The California District Attorney’s Association opposed the Senate bill, which would increase the monetary threshold for a felony charge from $400 to $2,500 for vehicle theft. With this change, more criminals would be sentenced to county jail than state prison. “They’re shifting the burden of dealing with this influx of inmates and placing it on our locals,” Flippo says.

Sheriff Mike Kanalakis says he’s concerned about early release prisoners re-offending and winding up in his jail, which like the state’s prisons, is holding inmates far beyond its capacity. “The release of inmates prior to completing their sentence is going to cause a reaction that will overburden law enforcement,” Kanalakis says, pointing out that 70 percent of the state’s prisoners recommit crimes.

It’s too early to pinpoint how many inmates will be released in Monterey County. According to the latest data, more than 1,800 prisoners in the state prison are from Monterey County, Unger says; only a small portion would be eligible to serve the last year of their sentences on house arrest with GPS monitoring. A total of 6,300 inmates across the state would be released into alternative custody.

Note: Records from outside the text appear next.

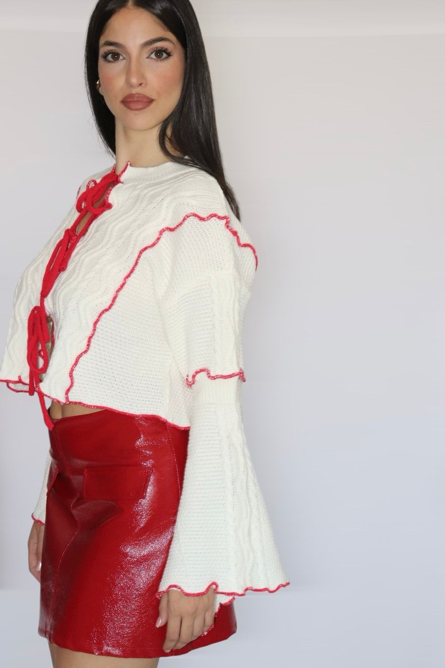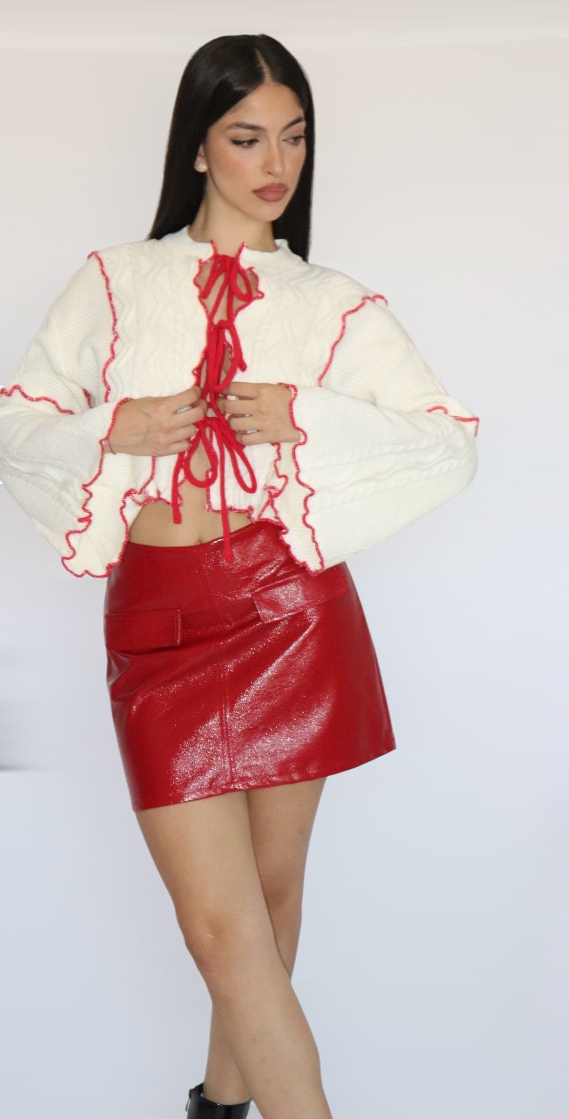 Maglioncino caldo bianco con contrasto rosso, presenta la chiusura con fiocchi.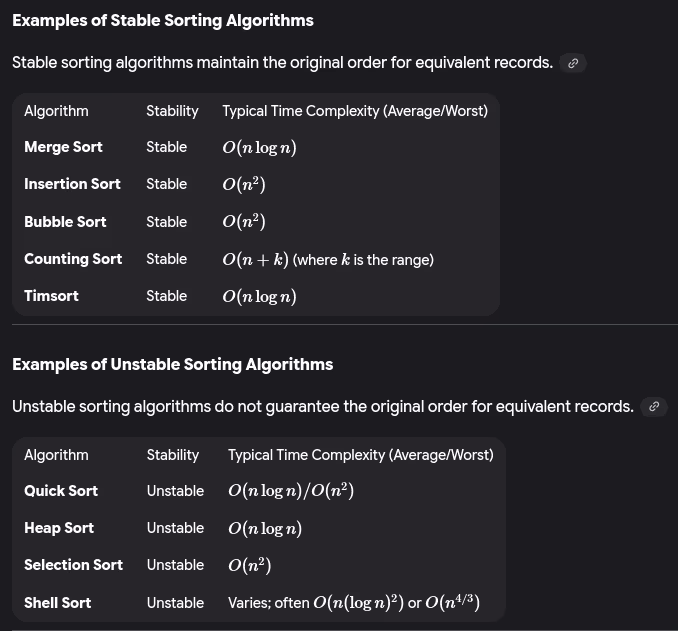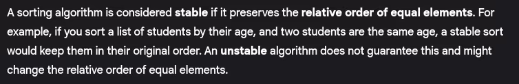 - What’s the difference between stable and unstable sorting algorithms?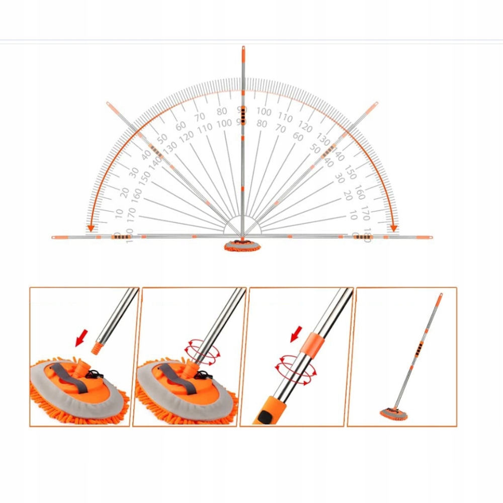 -🟡wyjątkowo długa szczotka do mycia samochodu o długości 157 см z łatwością dotrze na dach samochodu i inne wyższe miejsca. Регулируемая головка швабры в диапазоне 180 градусов обеспечивает большую гибкость при промывании автомобиля, поэтому вы можете легко провести комплексную очистку.

Moreover, the changes in state law would not be applied retroactively, Unger says – somebody in prison for writing a bad check wouldn’t be released because the crime became a misdemeanor.

The aim of the prison plan, Unger adds, is to keep people out of prison to begin with, by placing technical parole violators on GPS supervision instead of behind bars. Bill Ziering, who represents Monterey Peninsula-based Coalition of Churches for Reentry and Restoration, backs this idea.

Ziering’s group supports the now-dead proposal to build 12 reentry facilities across the state. He says the state should put more resources into job training, family counseling and housing for parolees so they can integrate into society instead of returning to crime. “When they get out, we have to look in advance so we can prepare for their homecoming,” Ziering says.

But the prison proposal doesn’t strive to reduce recidivism; it calls for cutting $250 million from rehabilitation programs.

Back at Salinas Valley State, Moore says prison officials are waiting to see what happens in Sacramento. “Until it’s in law, we don’t know how it’s going to affect us,” he says.